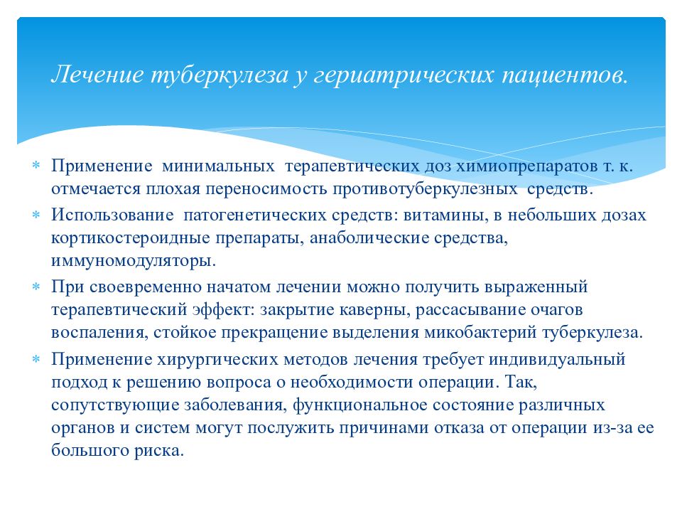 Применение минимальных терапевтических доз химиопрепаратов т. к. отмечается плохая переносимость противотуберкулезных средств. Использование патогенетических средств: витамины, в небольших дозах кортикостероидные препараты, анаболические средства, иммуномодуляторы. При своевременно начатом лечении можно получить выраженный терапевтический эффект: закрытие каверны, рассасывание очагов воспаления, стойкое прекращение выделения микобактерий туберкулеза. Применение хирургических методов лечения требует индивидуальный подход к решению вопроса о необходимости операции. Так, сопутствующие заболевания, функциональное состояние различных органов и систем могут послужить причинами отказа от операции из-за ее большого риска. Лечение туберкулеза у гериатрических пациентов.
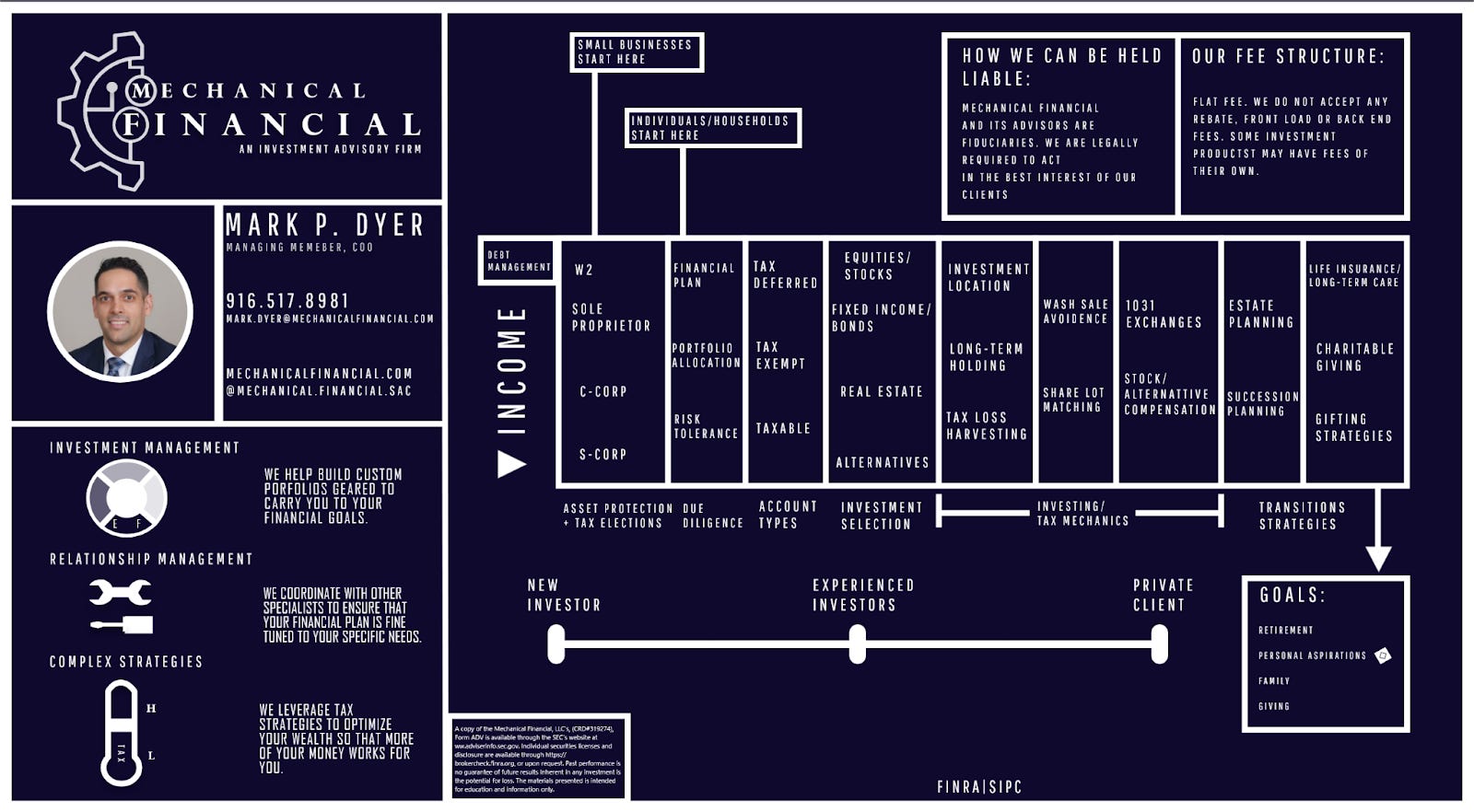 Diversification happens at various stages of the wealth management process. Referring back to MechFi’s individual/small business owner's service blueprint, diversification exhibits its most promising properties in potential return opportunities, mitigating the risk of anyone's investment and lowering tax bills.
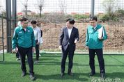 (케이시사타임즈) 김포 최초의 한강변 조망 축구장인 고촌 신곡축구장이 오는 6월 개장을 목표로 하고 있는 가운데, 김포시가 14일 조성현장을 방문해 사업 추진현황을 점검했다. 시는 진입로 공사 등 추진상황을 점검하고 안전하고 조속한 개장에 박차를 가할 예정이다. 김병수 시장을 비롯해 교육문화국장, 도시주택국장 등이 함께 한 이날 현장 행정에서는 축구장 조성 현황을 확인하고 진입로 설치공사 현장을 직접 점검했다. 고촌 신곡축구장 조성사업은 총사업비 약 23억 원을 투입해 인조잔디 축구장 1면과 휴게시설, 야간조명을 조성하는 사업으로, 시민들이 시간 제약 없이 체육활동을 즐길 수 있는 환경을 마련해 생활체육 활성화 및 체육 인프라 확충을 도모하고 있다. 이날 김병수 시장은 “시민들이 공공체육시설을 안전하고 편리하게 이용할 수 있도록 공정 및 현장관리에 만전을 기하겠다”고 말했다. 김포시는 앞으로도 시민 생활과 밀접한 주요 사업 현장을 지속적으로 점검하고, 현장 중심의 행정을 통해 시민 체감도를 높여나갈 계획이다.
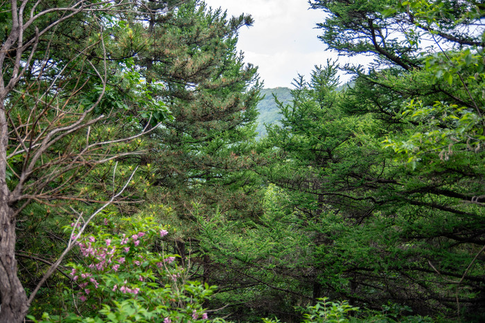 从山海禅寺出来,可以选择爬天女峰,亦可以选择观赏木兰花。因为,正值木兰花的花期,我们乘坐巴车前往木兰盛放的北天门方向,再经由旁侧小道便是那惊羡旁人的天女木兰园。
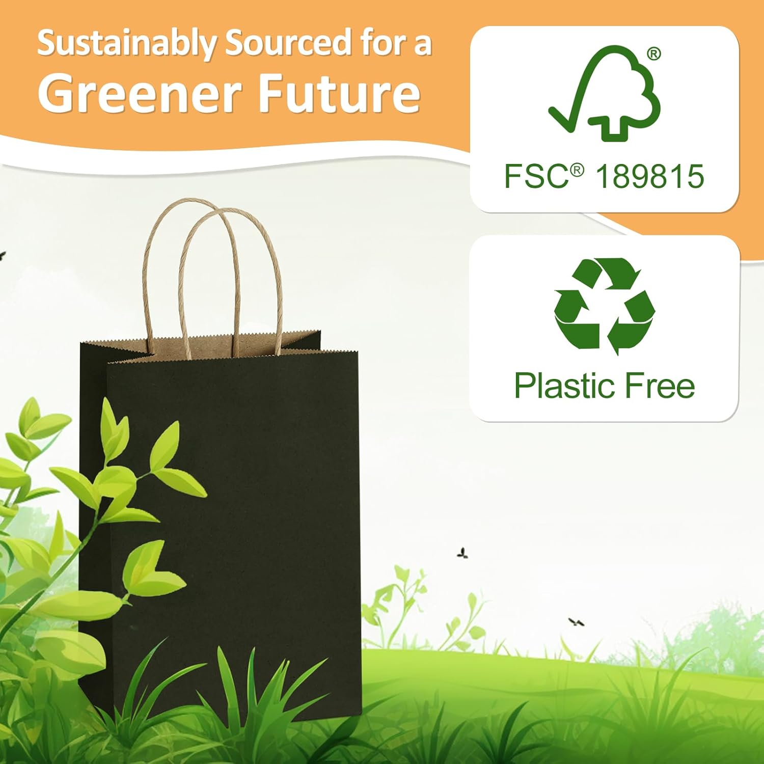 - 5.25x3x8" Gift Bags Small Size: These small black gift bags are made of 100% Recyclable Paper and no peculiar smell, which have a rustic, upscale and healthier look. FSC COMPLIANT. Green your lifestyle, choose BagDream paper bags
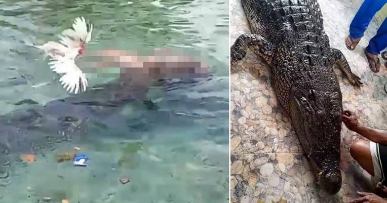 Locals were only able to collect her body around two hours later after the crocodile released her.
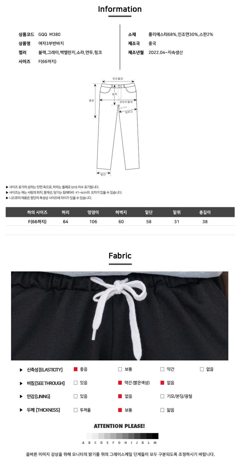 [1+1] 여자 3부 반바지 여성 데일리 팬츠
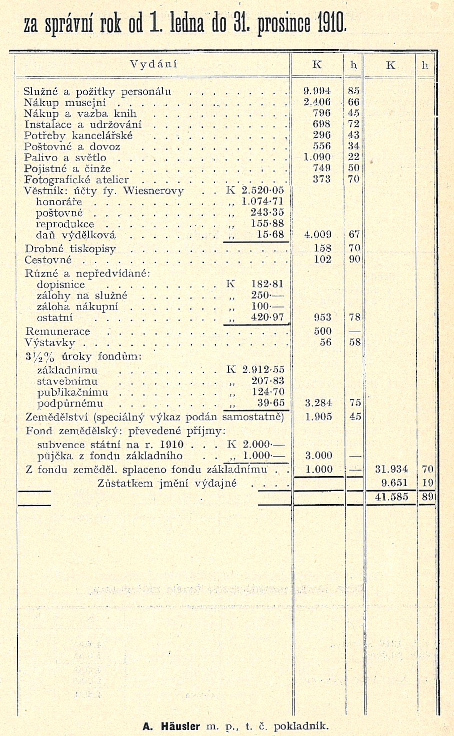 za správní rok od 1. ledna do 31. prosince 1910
---
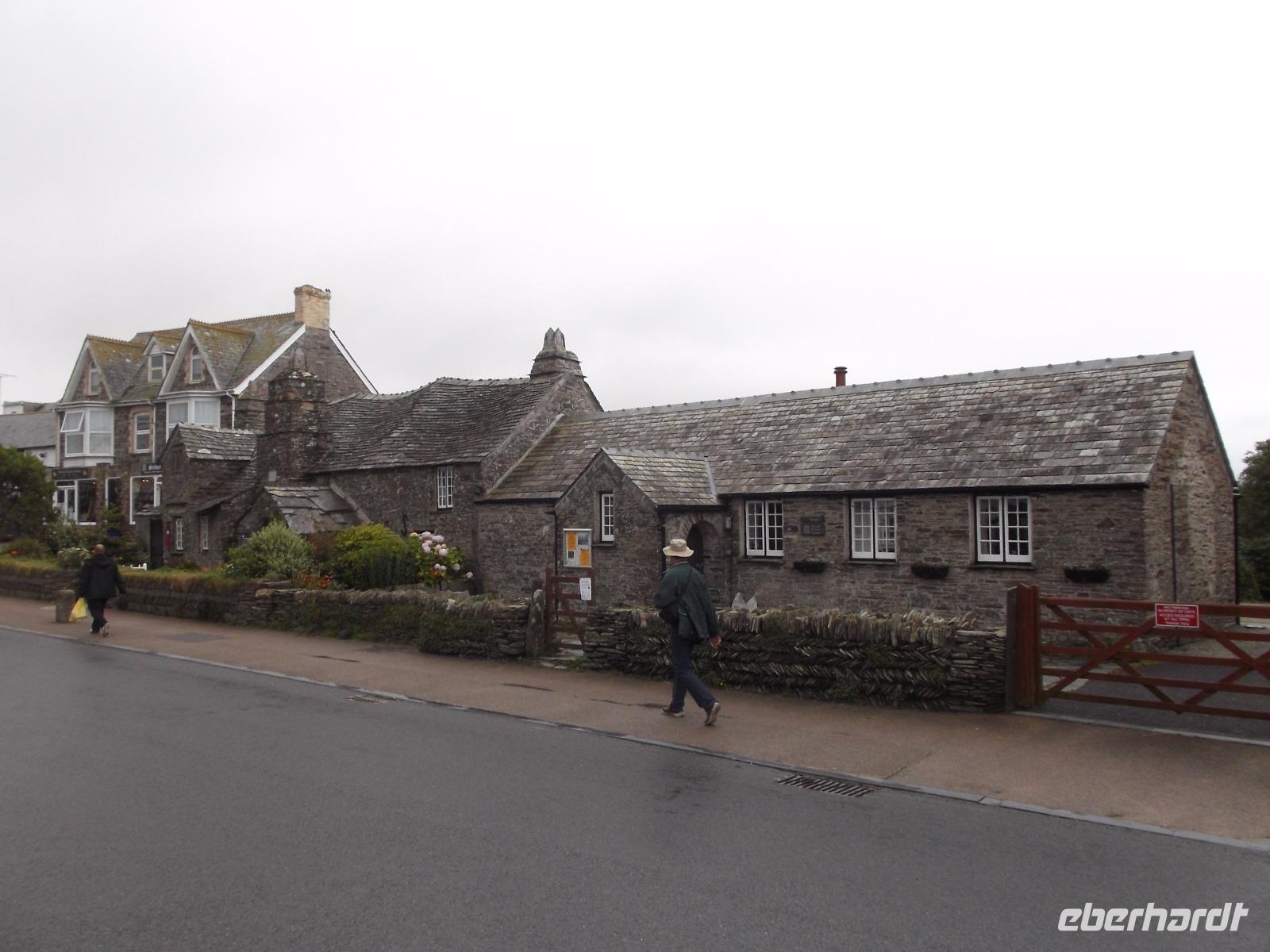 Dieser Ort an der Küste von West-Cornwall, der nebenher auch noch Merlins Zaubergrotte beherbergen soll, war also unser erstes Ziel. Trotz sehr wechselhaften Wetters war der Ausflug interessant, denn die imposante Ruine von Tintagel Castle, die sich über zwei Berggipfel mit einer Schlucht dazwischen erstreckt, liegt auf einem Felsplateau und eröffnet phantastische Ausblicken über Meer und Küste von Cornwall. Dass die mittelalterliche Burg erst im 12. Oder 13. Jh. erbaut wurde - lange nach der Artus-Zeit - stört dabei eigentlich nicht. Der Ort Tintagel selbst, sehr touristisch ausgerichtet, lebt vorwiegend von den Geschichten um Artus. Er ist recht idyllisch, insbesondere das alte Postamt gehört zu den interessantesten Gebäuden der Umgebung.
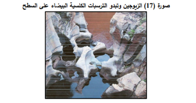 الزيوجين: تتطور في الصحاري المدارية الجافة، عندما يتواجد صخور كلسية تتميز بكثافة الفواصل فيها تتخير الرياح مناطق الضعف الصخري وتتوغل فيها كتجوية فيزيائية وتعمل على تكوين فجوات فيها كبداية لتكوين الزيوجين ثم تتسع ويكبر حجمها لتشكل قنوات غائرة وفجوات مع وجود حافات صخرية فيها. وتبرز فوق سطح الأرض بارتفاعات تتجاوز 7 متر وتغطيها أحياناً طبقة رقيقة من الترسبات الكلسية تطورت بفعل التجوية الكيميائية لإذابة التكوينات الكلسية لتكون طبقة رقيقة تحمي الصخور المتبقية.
---
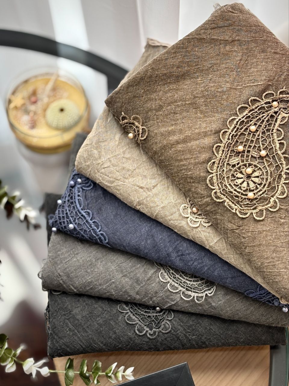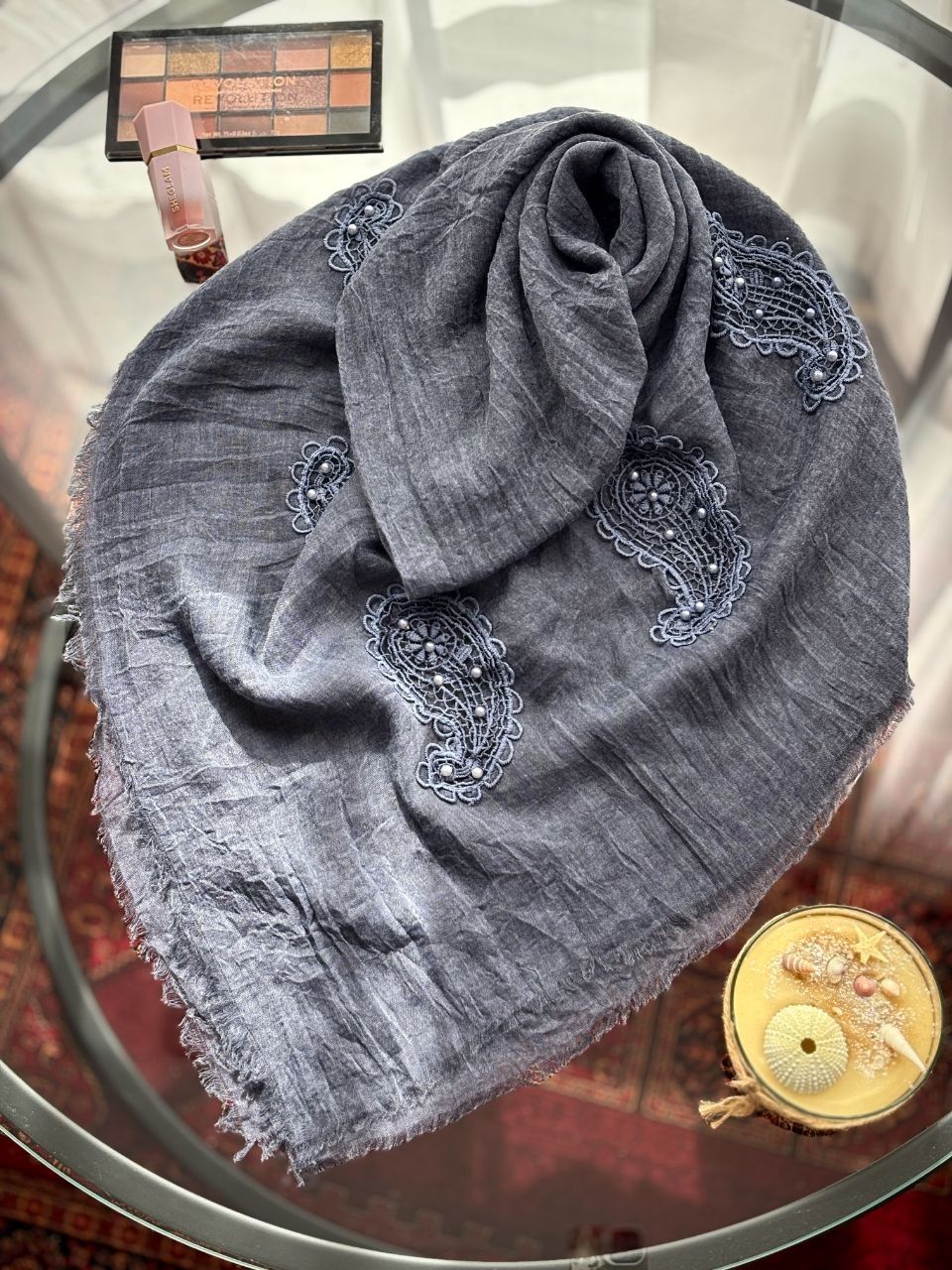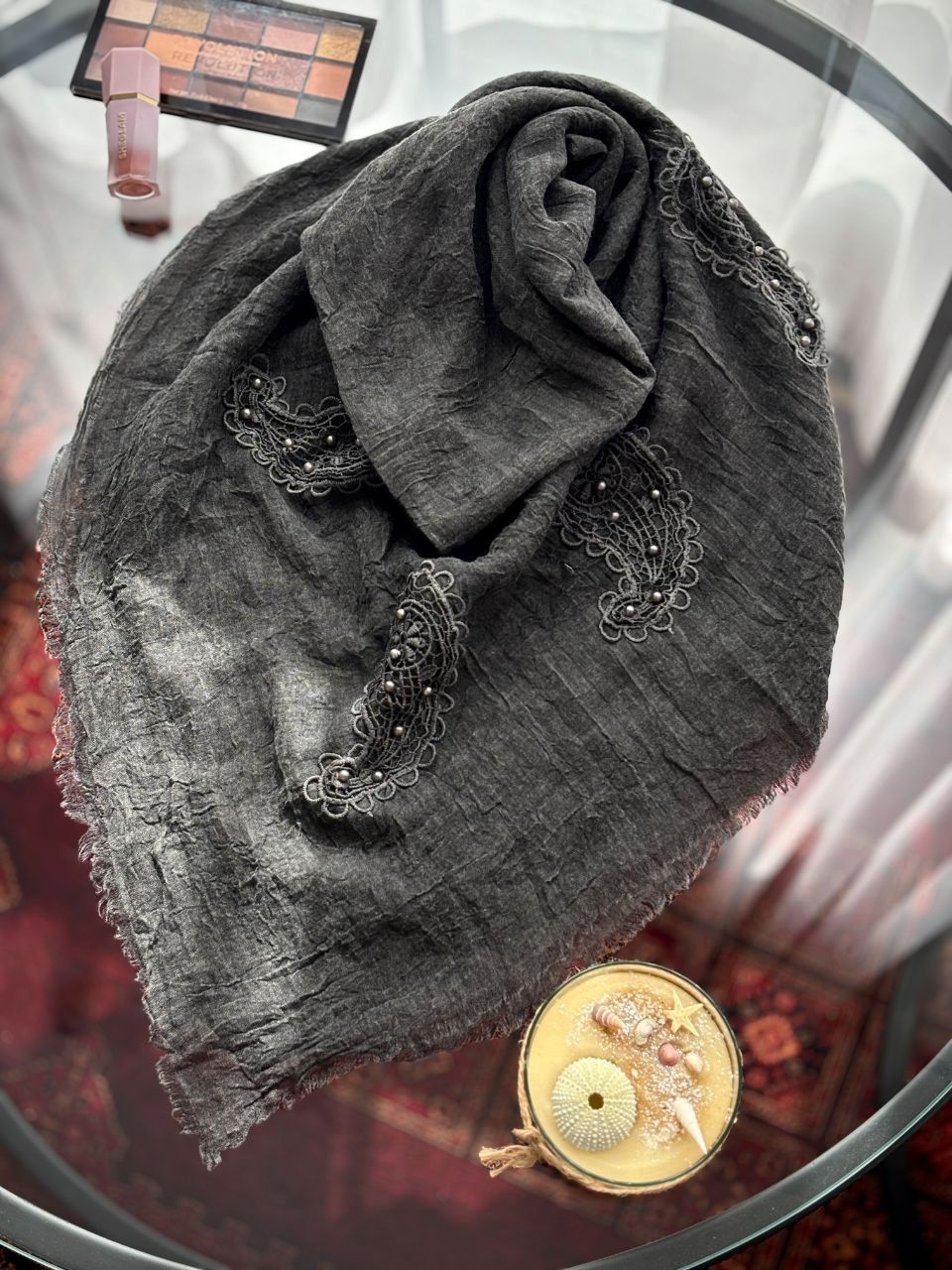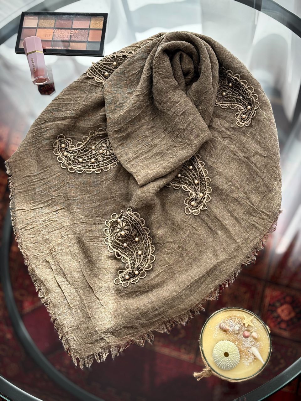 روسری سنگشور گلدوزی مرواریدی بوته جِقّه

**Task requirements:**
Your answer must be the lines above from the one holding "Locals were only" up to and including the one holding "za správní rok", exact and with no pictures.

**Response box:**
 Locals were only able to collect her body around two hours later after the crocodile released her.
 [1+1] 여자 3부 반바지 여성 데일리 팬츠
 za správní rok od 1. ledna do 31. prosince 1910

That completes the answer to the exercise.